I suppose this could cause weakness and possibly pain in the muscles, but it might be more important to ask what might be going on along these lines in the capillaries of the brain.

[ETA: It might even explain why I just stole @Marky's line of thought just two comments above without realizing it. ]

 

[butter.]

Canadian criteria Time to check if there is a connection between peripheral endothelial dysfunction and cerebral hypoperfusion?

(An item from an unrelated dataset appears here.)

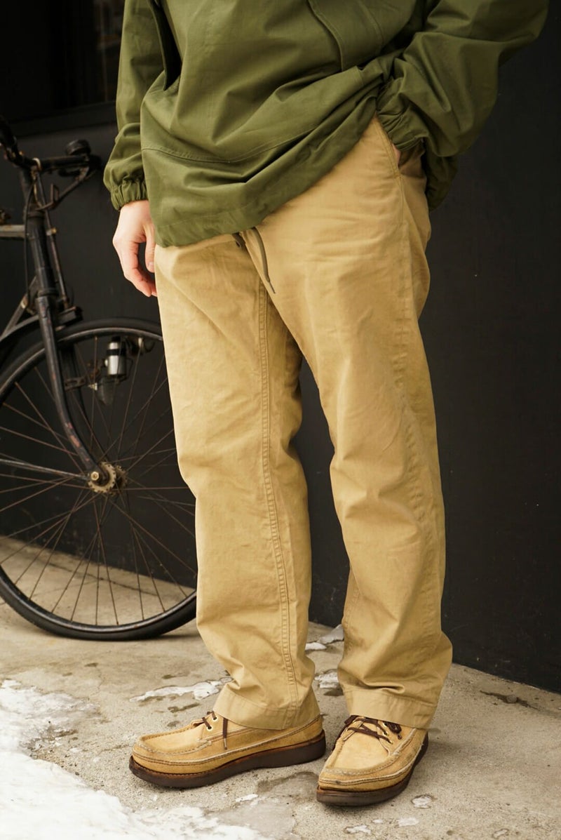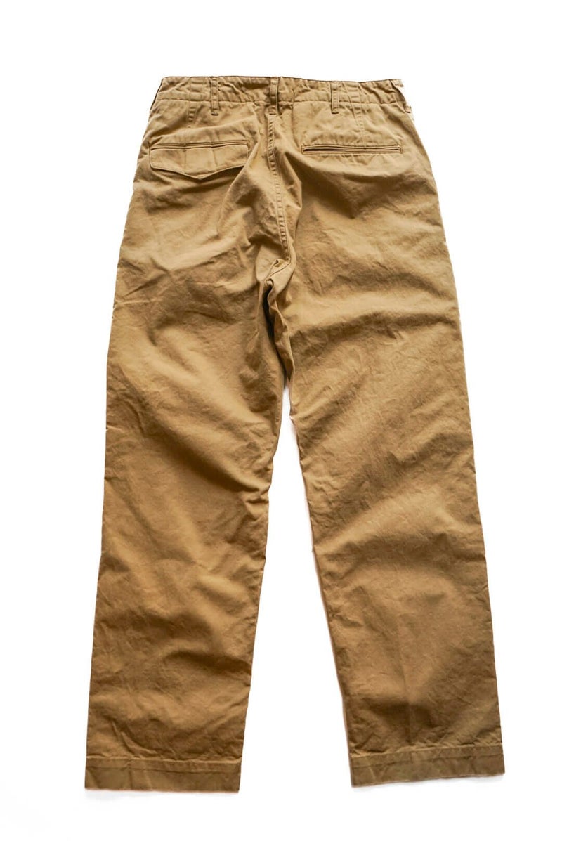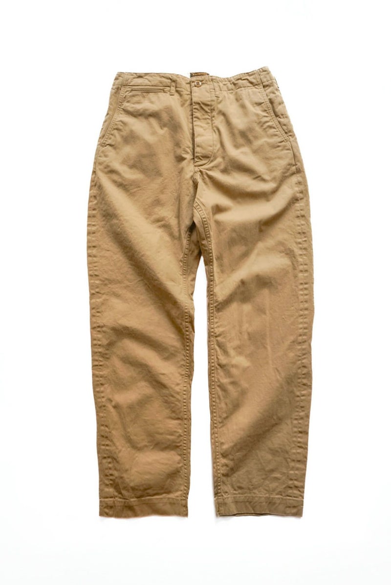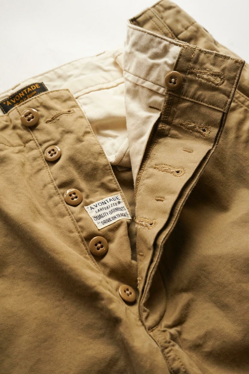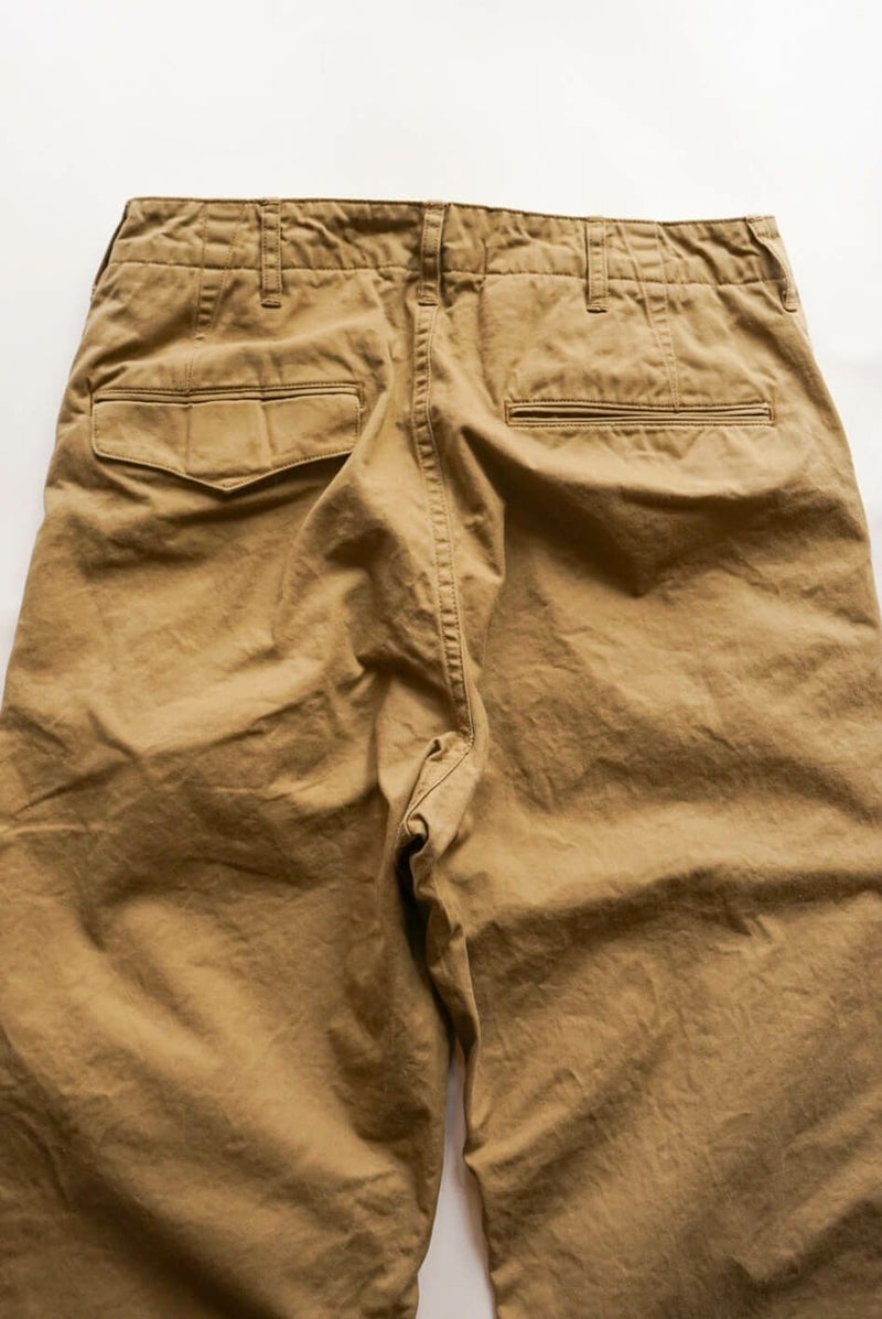 A VONTADE(アボンタージ) ブランド定番のクラシックチノトラウザースです。素材は定番の、シャトル機で高密度に織りこまれたオリジナルセルビッチチノを使用。 仕上げに天然樹脂加工を施し、コシのある素材感となっています。 比翼仕様の片フラップポケット、尻繰りと内股は巻き縫い(環縫い)仕様で、脇にはセルビッチを仕様しています。 以前のモデルより股上をやや深めに変更して、ワタリから裾にかけてナチュラルにテーバードがかかっているので革靴、スニーカー問わず合わせやすい癖のないシルエットです。 <素材> COTTON 100% <生産国> MADE IN JAPAN A VONTADE / CLASSIC CHINO TROUSERS -SELVDGE TWILL- PRICE ¥24,200(税込み) 品番 : VTD-0480-PT2

of course there is, I do not understand why it takes them so long, Oaklander talks for 3 years now that SF are important for blood circulation of the brain,... the question is what drives what,... also mitochondria are very important for arterioles function,... we know whats the physical dsyfunction in many already, we do not necessarily need the root cause to treat it,...

 

[butter.]

Cort has posted a blog on this today (6/9/20).

https://www.healthrising.org/blog/2...-vessels-arterioles-chronic-fatigue-syndrome/

This does seem interesting, as this kind of thing seems consistent with one of the mechanisms that Dr. Systrom has proposed for the excess oxygen in the RBC's returning to the heart, i.e. that a significant percentage of RBC's are shunting around the capillaries in the periphery (because they're too narrow). If you add impaired blood cells deformability into then mix, some kind of cellular hypoxia starts to look like a possibility.

I suppose this could cause weakness and possibly pain in the muscles, but it might be more important to ask what might be going on along these lines in the capillaries of the brain.

well they are just f**** for different reasons in different people, there is very unlikely one reason for all patients, what we need is trials with stemcells f.e.